Thank goodness the script for "Earthquake 2" was never produced. In it, stars from the first movie -- including George Kennedy, Victoria Principal and Richard Roundtree -- were supposed to move to San Francisco to recover from their seismic trauma. Heston -- who was uneasy about having to appear in the embarrassing sequel "Beneath the Planet of the Apes" -- actually insisted that his "Earthquake" character be killed off.
Los Angeles again faced destruction in 1997's "Volcano" and would have been buried in molten lava if not for Tommy Lee Jones and a brainy Anne Heche.
"Airport" (1970) -- While Kennedy didn't star in "Earthquake 2," he had the distinction of being the only star to appear in all four "Airport" movies, helping to explore nearly every calamity an air traveler could endure, including a hijacking (the original), a midair collision ("Airport 1975"), a nose dive into the ocean ("Airport '77"), and dodging nuclear missiles at supersonic speed ("The Concorde: Airport '79").
While the series didn't actually do much to inspire air safety innovations, surely it inspired the great spoof "Airplane" (and, as Leslie Nielsen would say, don't call me Shirley.)
"Twister" (1996) -- Before Bill Paxton became TV's most famous polygamist on HBO's "Big Love," he was a weatherman trying to get his storm-chaser wife to sign divorce papers so he could run off with his girlfriend. Soon, the three get caught up in the "suck zone" as it's called, and old passions are stirred up.
Paxton could have forecast an advancing front of weather-related disaster films. In the years to come, we'd find George Clooney and Mark Wahlberg as fishermen swallowed by a killer hurricane in "The Perfect Storm" (2000) and Dennis Quaid as a heroic climatologist in "The Day After Tomorrow."

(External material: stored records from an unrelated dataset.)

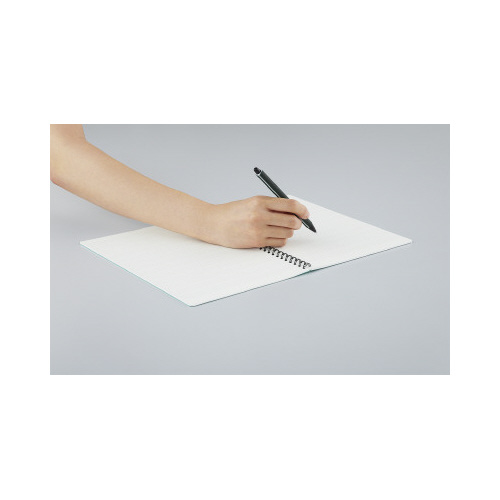 人気のドット入り罫線ノート。表紙はビジネスシーンになじむ紺色で、薄い地模様(ハニカム柄)とマットな表面加工の落ち着いた雰囲気です。切り離してスキャンしやすいマイクロミシン目入りです。
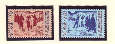 Norway  Scott Catalogue number 790-791 1981 International Year of the Disabled stamp set .Mint, fine to very fine, original gum never hinged.Member Canadian Stamp Dealers Association .Free Shipping on purchases over $50 going to North America.Canadian Customers - I pay the GST/HST on your purchases from me .
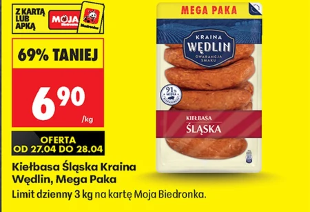 Kiełbasa Śląska Kraina Wędlin, Mega Paka jest dostępna w ofercie Biedronka w cenie 6,90 zł za kilogram, z 69% niższą ceną przy zakupie z kartą Moja Biedronka lub za pośrednictwem aplikacji. Ten produkt to klasyczna, śląska kiełbasa, idealna na grilla, do kanapek lub jako dodatek do dań obiadowych. Oferta jest ważna od 27 do 28 kwietnia, z limitem dziennym 3 kilogramów na jedną kartę. Warto wykorzystać tę okazję, aby zaopatrzyć się w ulubioną kiełbasę w bardzo atrakcyjnej cenie. Źródło: gazetka Biedronka
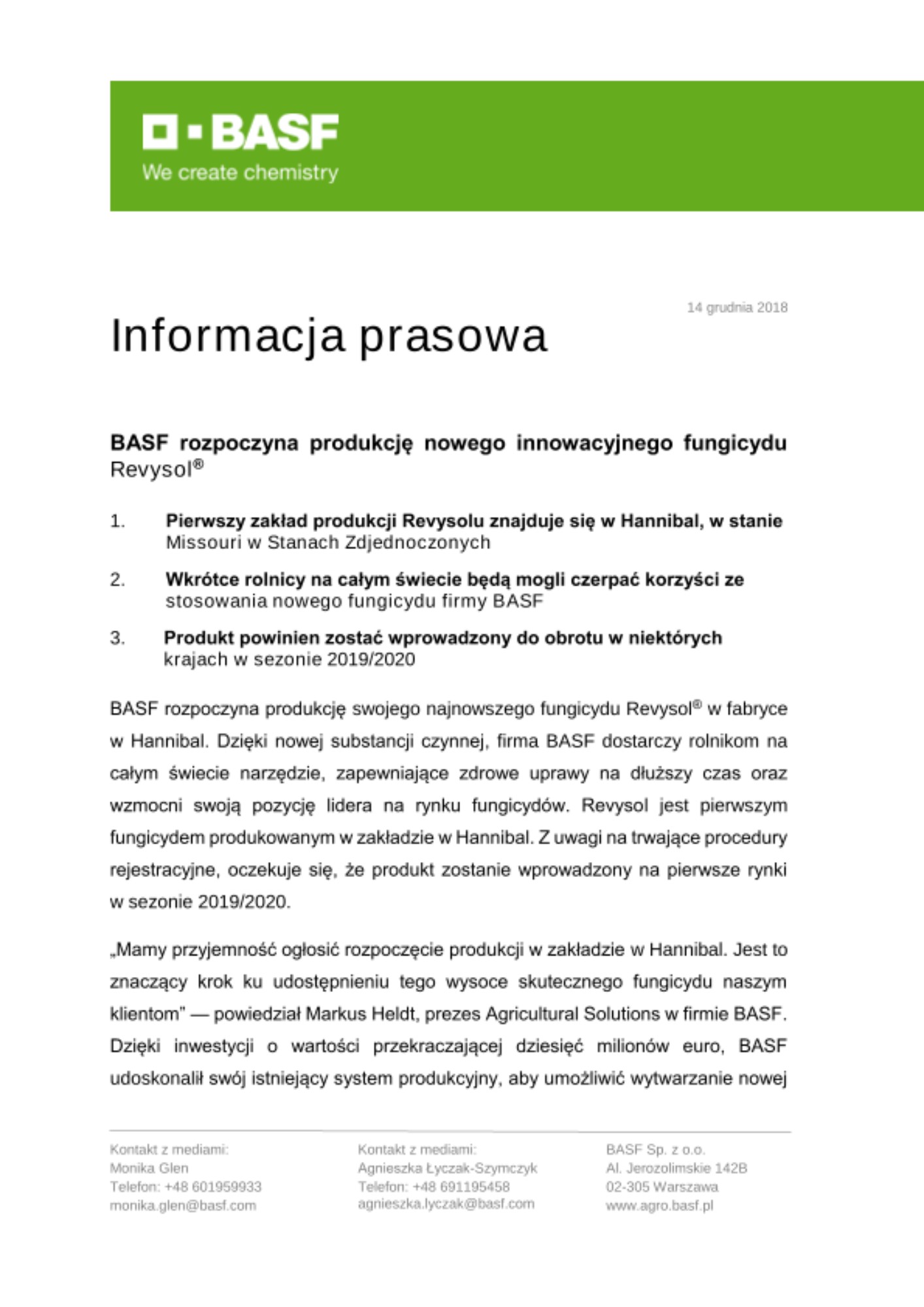 BASF rozpoczyna produkcję swojego najnowszego fungicydu Revysol® w fabryce w Hannibal. Dzięki nowej substancji czynnej, firma BASF dostarczy rolnikom na całym świecie narzędzie, zapewniające zdrowe uprawy na dłuższy czas oraz wzmocni swoją pozycję lidera na rynku fungicydów. Revysol jest pierwszym fungicydem produkowanym w zakładzie w Hannibal. Z uwagi na trwające procedury rejestracyjne, oczekuje się, że produkt zostanie wprowadzony na pierwsze rynki w sezonie 2019/2020.
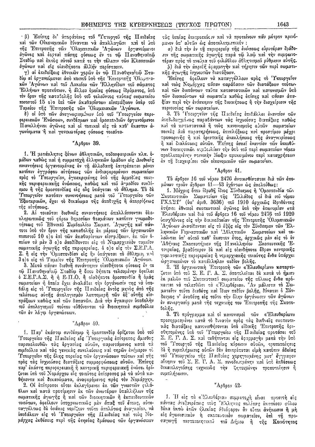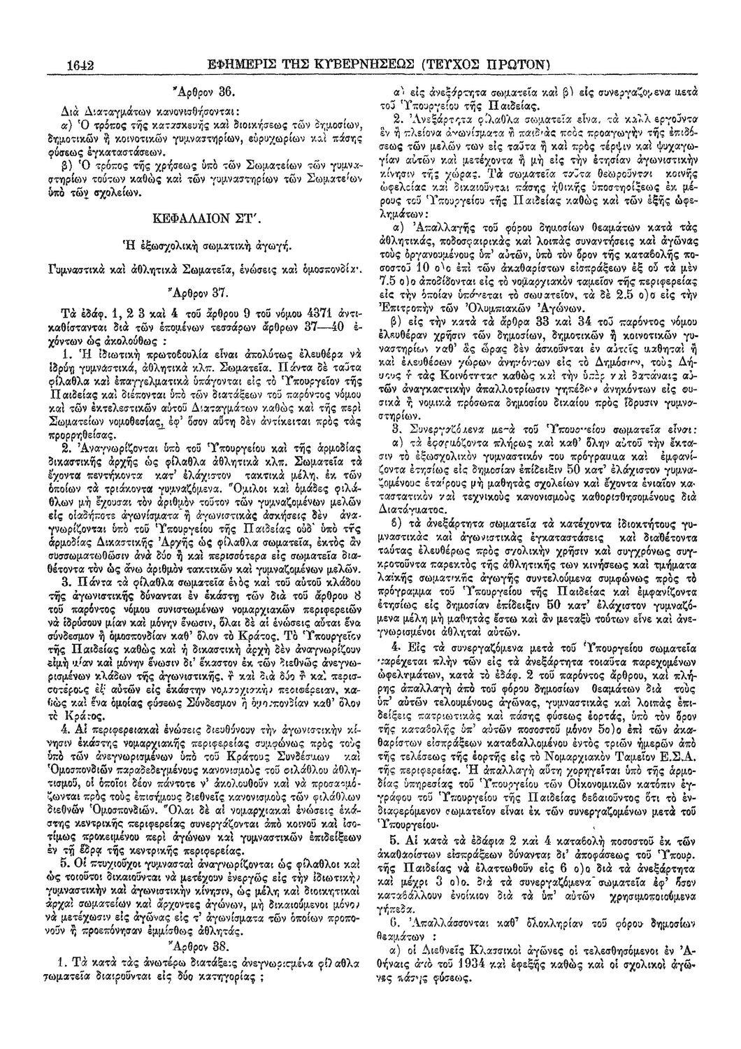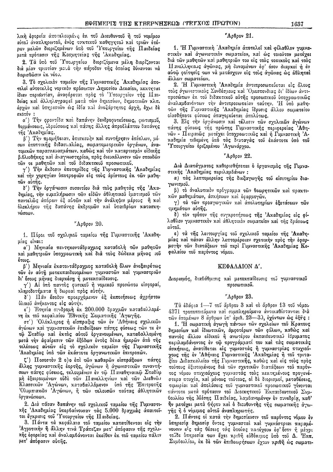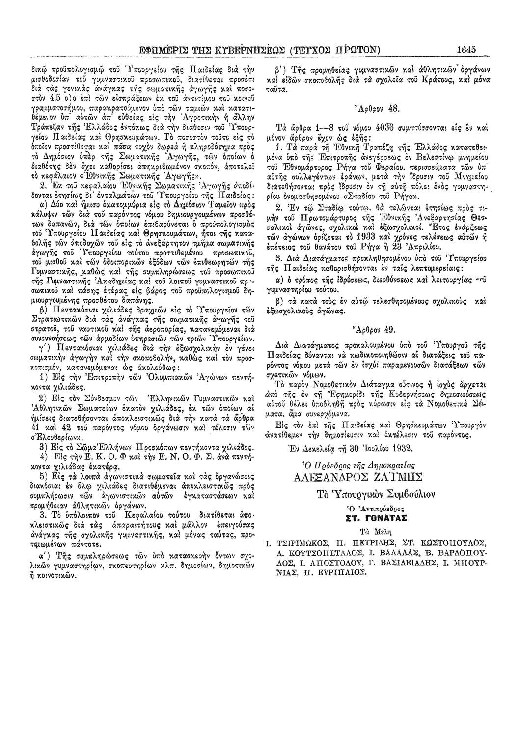 Ν.Δ. Περί τροποποιήσεως, συμπληρώσεως και κωδικοποιήσεως απάσης της ισχυούσης νομοθεσίας περί σωματικής αγωγής.

"Deep Impact" (1998) -- Disaster films are usually a race against time. In this case, it was a race between two asteroid-hitting-Earth movies, both premiering in 1998. "Deep Impact" won the foot race, hitting theaters on May 8, two months ahead of "Armageddon." "Armageddon" won the more important battle by outgrossing its rival internationally by about $200 million.
Perhaps moviegoers just went with the more lighthearted film, and that tone was clear in the movies' tag lines. "Deep Impact": " Heaven and Earth are about to collide." "Armageddon": "Earth. It Was Fun While It Lasted."
It also might have come down to this: Whom do you want to save the planet? Bruce Willis, Billy Bob Thornton and Ben Affleck, or Robert Duvall, Tea Leoni and Elijah Wood?
Buck Wolf is entertainment producer at ABCNEWS.com. "The Wolf Files" is published Tuesdays.